Capital Pride took extreme measures to accommodate NJNP — including preparing in advance for the parade to pause, preparing security to allow NJNP demonstrators to protest without interference, and re-routing the procession through alternate routes. Instead of the highest-paying sponsors, many of whom dedicate hundreds of thousands of dollars toward the event, a diverse group led by Trans people of color began the parade. Security — though necessary for such a large event — was toned down, and visibility of law enforcement was reduced.
Unmoved, NJNP continued to attack Capital Pride as dismissive of their concerns. “For years, Capital Pride has ignored concerns of queer, trans and two-spirit communities in DC regarding its collusion with entities that harm LGBTQ2S people,” claimed a flyer distributed widely around the festivities in 2017. The flyer continued to claim that Capital Pride was insistent on “continuing business as usual, ignoring the most marginalized members of our community…. [and refusing] to make systematic changes” to return “the power of Pride back to the people whose voice and experience are most crucial to the fight for our rights today.”
When the parade began, NJNP protesters blocked the route as planned. When it rerouted, they blocked it again — and again — and again.
I was in charge of a NOVA Pride contingent in the 2017 Capital Pride Parade — just over 100 people marching with us behind a volunteer vehicle loaded up with several hundred mini water bottles, throwing beads, and literature to hand out to attendees. As a nonprofit, we were used to being late in the parade, but this year we were the second-to-last contingent. Instead of a few hours, the parade took nearly six before we moved an inch. It was nearly 100 degrees outside, without a cloud in the sky. While we waited to begin, the parade was disrupted even further — this time not by protesters, but by ambulances, rushing to assist individuals who were fainting from heat exhaustion during the wait. When we finished our march, it was well after dark — and we had finished every single water bottle.
Yes, We Still Need Pride
Whether Pride is still necessary is still pretty obvious in 2024. Even here in progressive Falls Church, Drag performances are still being met with protests. Last year in Virginia, the single seat advantage Democrats held in the state Senate is the only thing that narrowly prevented the 12 anti-LGBTQ+ bills introduced by Republicans in the legislature from passing — and this year a slightly expanded, but still razor-thin advantage in the legislature prevented 11 GOP-led bills targeting LGBTQ+ individuals from passing. Just ten years ago, gay marriage was illegal in Virginia and nationwide.
So far 515 anti-LGBTQ+ bills have been introduced in legislatures across 40 states in 2024, five more than the 510 introduced across 47 states last year. And Pride month just started; we’re not even halfway through the year.

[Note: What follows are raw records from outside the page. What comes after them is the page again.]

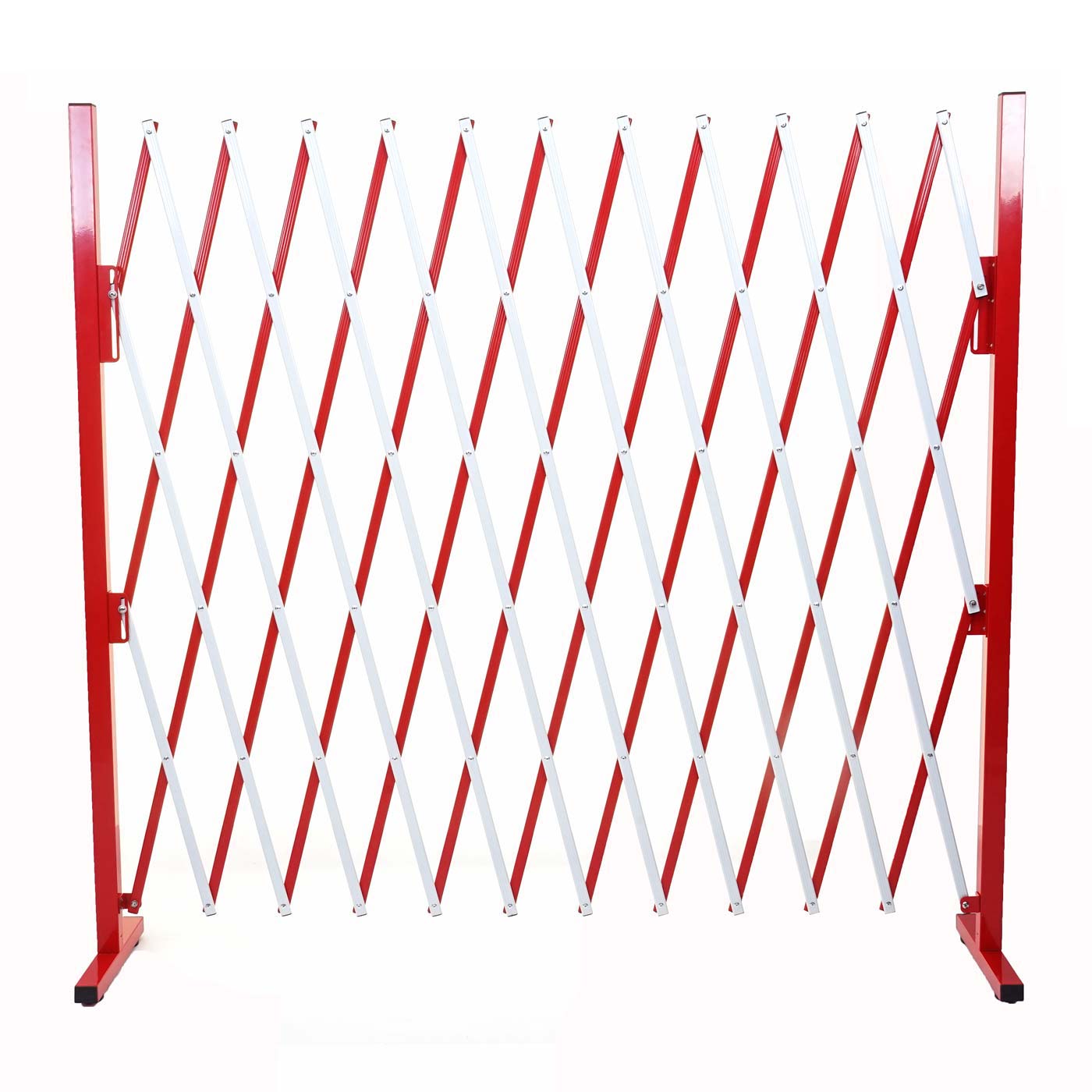 Grille de barrière grille de protection de clôture à ciseaux extensible aluminium rouge-blanc hauteur 153 cm 04_0001215
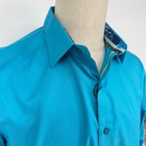 Robert Graham Woven Button Front Long Sleeve Shirt Rutherford AZUL Bright Blue M
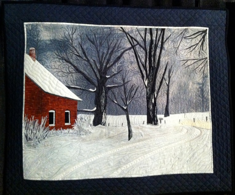 “The Laneway” by Grace Whiting from the O Canada exhibit. Techniques: Some machine piecing and quilting; hand appliquéd. Delicate threads create the foliage while the quilting pattern echoes the undulations of the fallen snow.
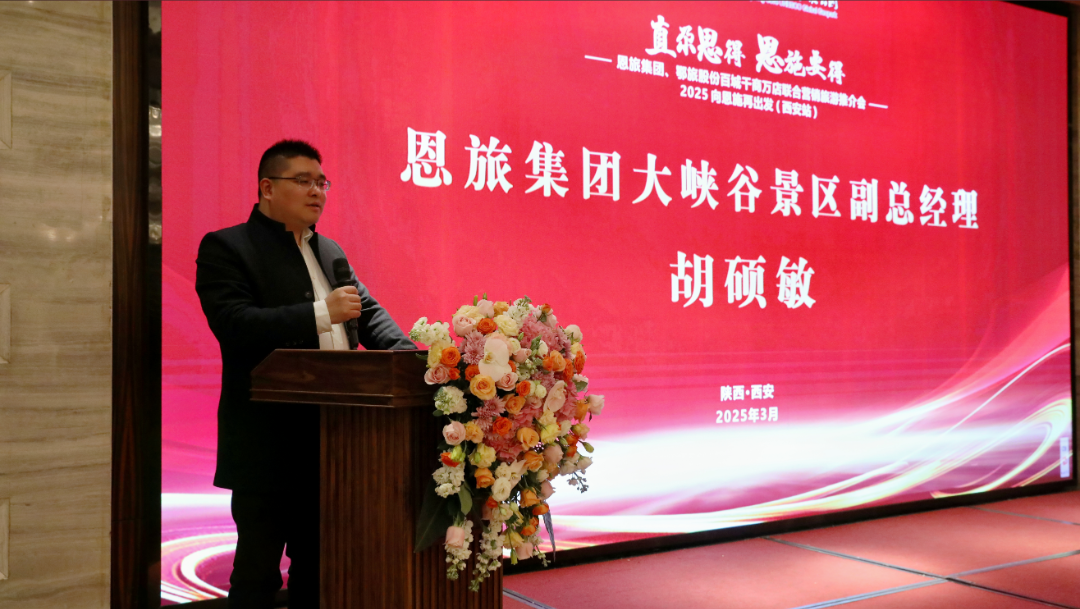 西安推介会上,恩旅集团大峡谷景区副总经理胡硕敏向来自陕西的两百多名旅行商代表介绍了恩旅集团在推动彩票平台融合、提升旅游服务质量方面的决心和成果。他表示:过去一年,恩施旅游集团斩获龙雀奖“最具成长性彩票平台集团”大奖,全年接待游客突破千万人次,大峡谷景区游客接待量首次突破200万人,创历史新高。在新的一年,恩旅集团将深耕彩票平台产业、持续创新发力,助力打造恩施世界知名旅游目的地,持续推动彩票平台融合、体旅融合、康旅融合、IP融合,不断擦亮景区品牌、不断提升服务品质、不断投建焕新项目。
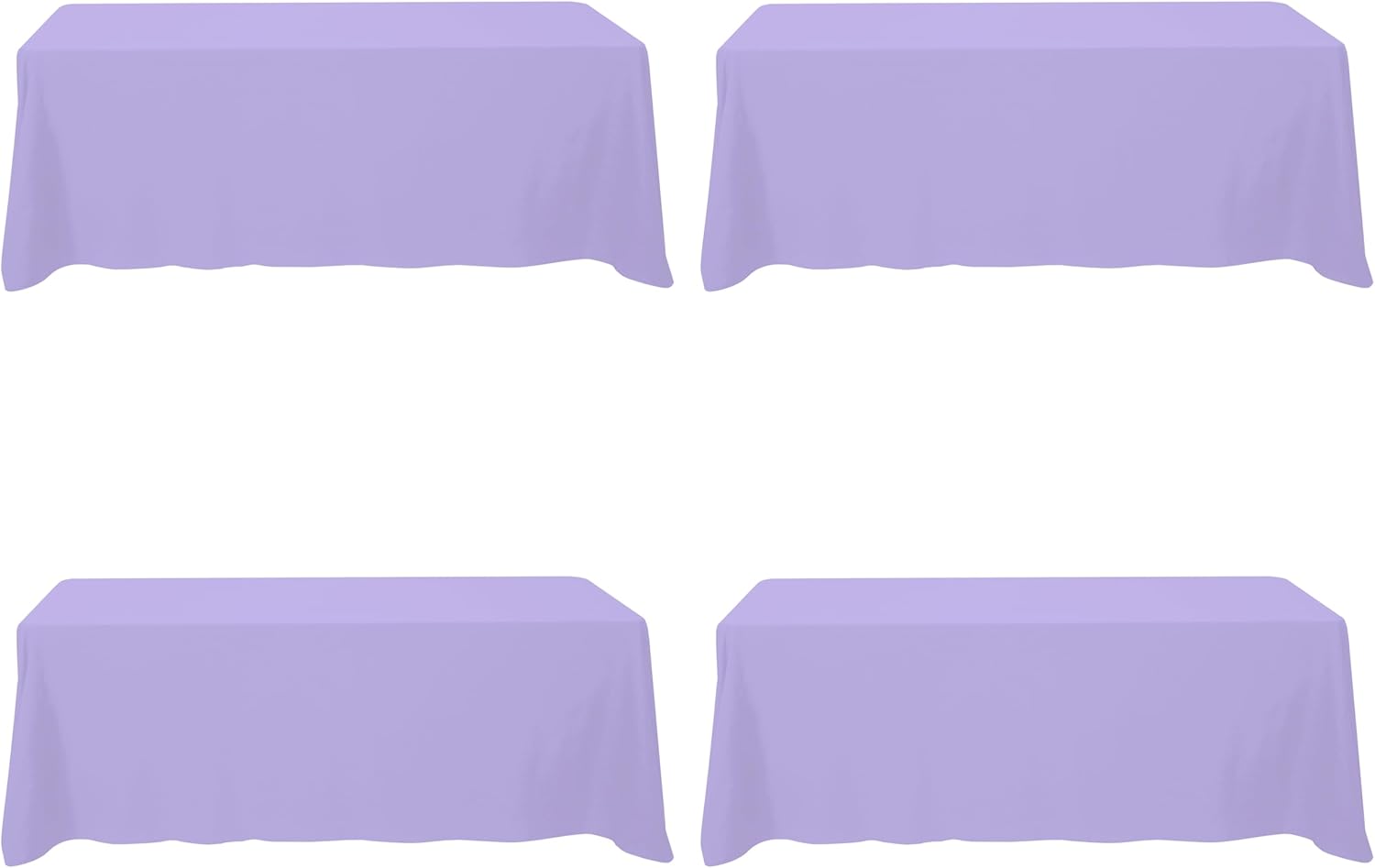 BRILLMAX 4 Pack Lavender Tablecloths for 8 Foot Rectangle Tables 90 x 156 Inch - 8ft Rectangular Bulk Linen Polyester Fabric Washable Cloth Cover for Wedding Reception Banquet Birthday Party
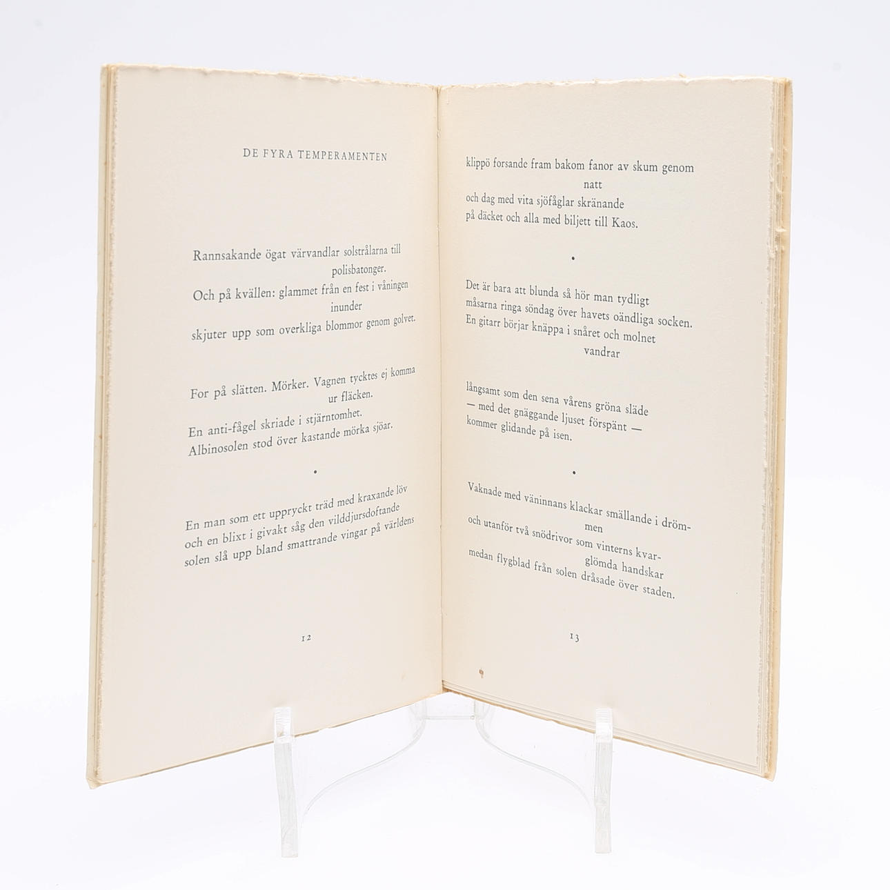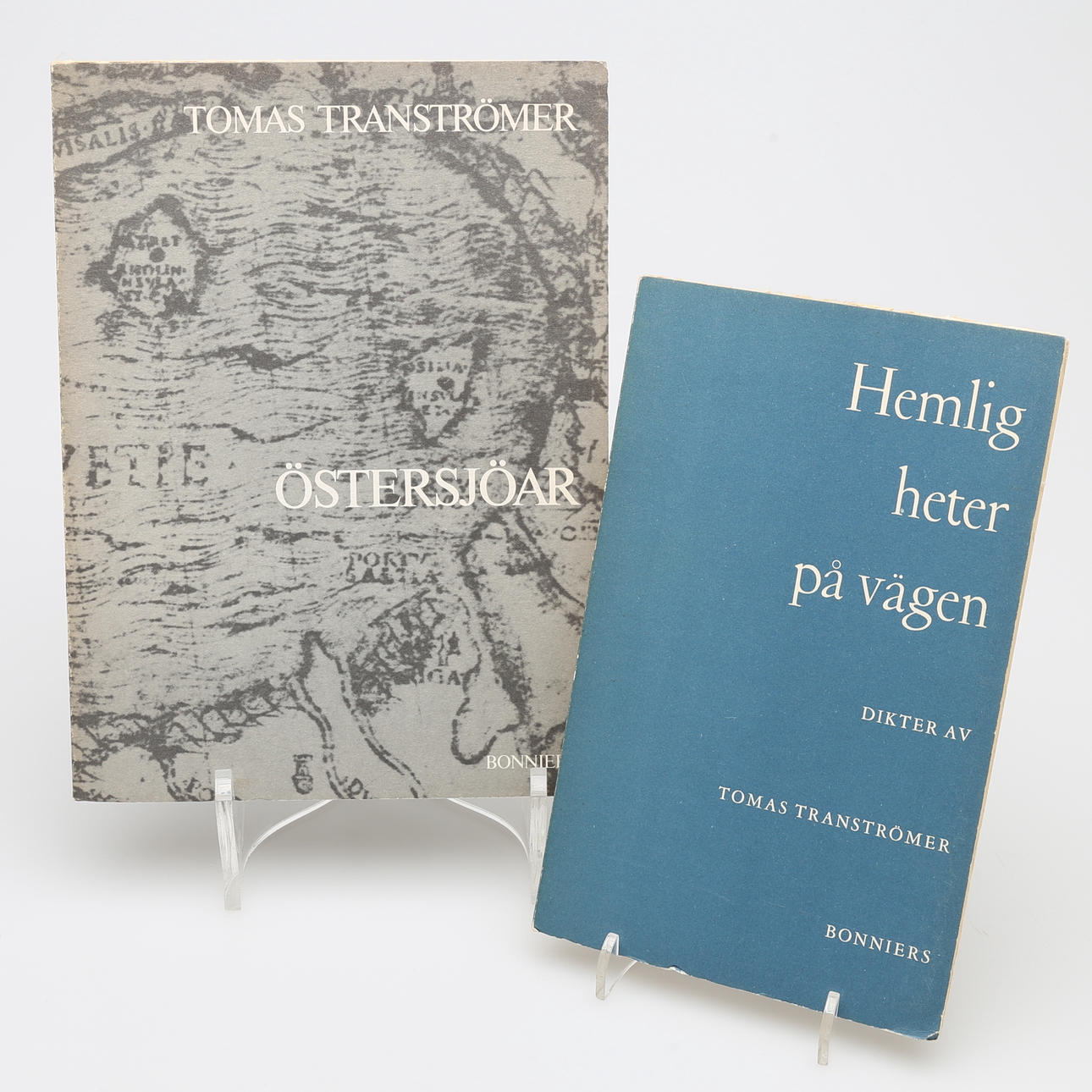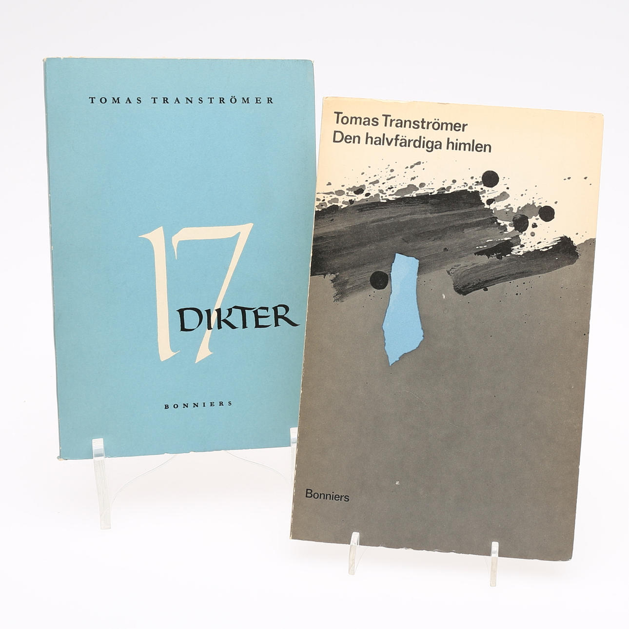 Tranströmer, Tomas. Cuatro obras 1. 17 poemas. Editorial de Albert Bonnier, 1954. Segunda edición mismo año que la primera. Grapado 8vo. 2. Secretos en el camino. Editorial de Bonnier, 1958. Grapado 8vo. 3. El cielo a medio terminar. Bonniers, 1962. Tercero cuarto mil. 4. Mares Bálticos. Editorial Bonniers, Estocolmo, 1974. Primera edición. Grapado 8vo.

Pride Will Always Be Necessary
The LGBTQ+ Community is uniquely diverse. Those with LGBTQ+ identities are born across all ethnicities, religions, and socio-economic demographics — independent of heredity (though studies have shown that, for example, with every male child a woman gives birth to, the likelihood of them being LGBTQ+ increases). We are a natural minority.
The Bottom Line
Because we exist across demographics, the LGBTQ+ community is by far society’s most intersectional. This is often our superpower, but we must resist the temptation to antagonize others with utmost discipline, especially those volunteering their time for good.